Narrator’s Decision-making in the Love Song of J. Alfred Prufrock

April 13, 2021 by Essay Writer

In T.S. Eliot’s “The Love Song of J. Alfred Prufrock,” the narrator seems to be an older man who spends a lot of time making decisions but perhaps also second guessing himself. He is unconfident and uncomfortable in his surroundings, because he is always questioning, “how should I presume?” or “do I dare?” (Eliot 2040-2041). The narrator spends his whole life pondering about the decisions he never makes, and he gets nowhere. He is constantly worried about what other people think of him, but he also says something that shows just what he thinks of himself:

For I have known them all already, known them all—

Have known the evenings, mornings, afternoons,

I have measured out my life with coffee spoons;

I know the voices dying with a dying fall

Beneath the music from a farther room.

So how should I presume? (Eliot 2040-2041).

The narrator leads into this stanza from the previous stanza with, “In a minute there is time / For decisions and revisions which a minute will reverse” (Elliot 2040).

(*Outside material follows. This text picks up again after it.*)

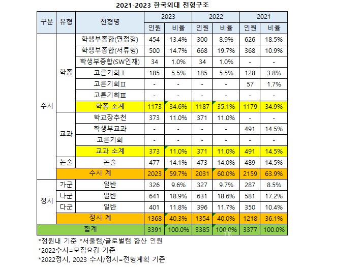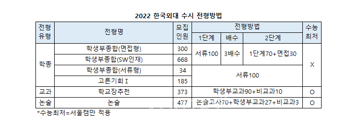 한국외대는 2022대입에서 정원내 기준 수시2031명(60%) 정시1354명(40%)으로 총3385명의 신입생을 선발한다. 교육부의 정시 확대 기조에 따라 정시 모집인원이 2021학년 1218명(36.1%)에서 1354명(40%)으로 136명(3.9%) 확대됐다. 수시 전형별 모집인원은 학교장추천371명(11%) 서류형668명(19.7%) 면접형300명(8.9%) SW인재34명(1%) 고른기회185명(5.5%) 논술473명(14%)이다. 지난해 학종 면접형으로 626명, 서류형으로 368명을 모집했던 것과 비교해 면접형 모집인원이 대폭 줄고 서류형 모집인원이 대폭 확대됐다. 2023학년에는 다시 면접형 인원이 증가하고 서류형 인원이 축소되는 양상을 나타낼 전망이다. 한국외대는 서울캠과 글로벌캠을 통합한 통합형 캠퍼스로 운영되고 있다.

Here, the narrator is saying when he makes a decision, he’ll always have the time to take it back and keep revising it. The narrator thinks that “there will be time, there will be time,” and thus he think he can keep changing his decisions “hundred[s]” of times (Eliot 2040). The narrator is afraid of the possible consequences of his actions, and the he thinks it’s better to not act at all. He goes on to say how he is all too familiar with contemplating his decisions, spending days on them, and getting nowhere. When he says that his life is measured out by “coffee spoons”, the narrator is saying what he thinks about his life, amounting to just small coffee spoons. Coffee is not a very interesting aspect of life; it’s just a daily, habitual part of everyday life. Saying that his life is measured out by something like this is implying that the narrator thinks his life is worthless. Having spent “evenings, mornings, afternoons” in solitude to only have coffee wake him up shows how the narrator is perhaps also very lonely and sad. He, however, knows what he wants (a woman), but he is too afraid to go after her. When Eliot writes about the “dying fall” he is alluding to Shakespeare’s Twelfth Night (2041). In the play, Orsino listened to music that had a “dying fall,” reignited his love for another character. When the narrator says that this dying fall is coming from “voices” in a “farther room,” he may be saying that love is far from him, or that he witnesses the love of other people, but never his own (Eliot 2041). The narrator then questions how he should proceed, which was really the question that’s been on his mind the entire time. Everything else he describes is a reflection on his life and surroundings, but his life is not over yet and he still has a chance with the love of his life. However, he is never able to make a move because he is constantly debating with himself about what move to make. His ideas change by the minute, and his thoughts are caught in a stalemate of inaction. The narrator is spending his whole life trying to figure out how he will go about getting this woman, but he cannot decide and thus he never even begins.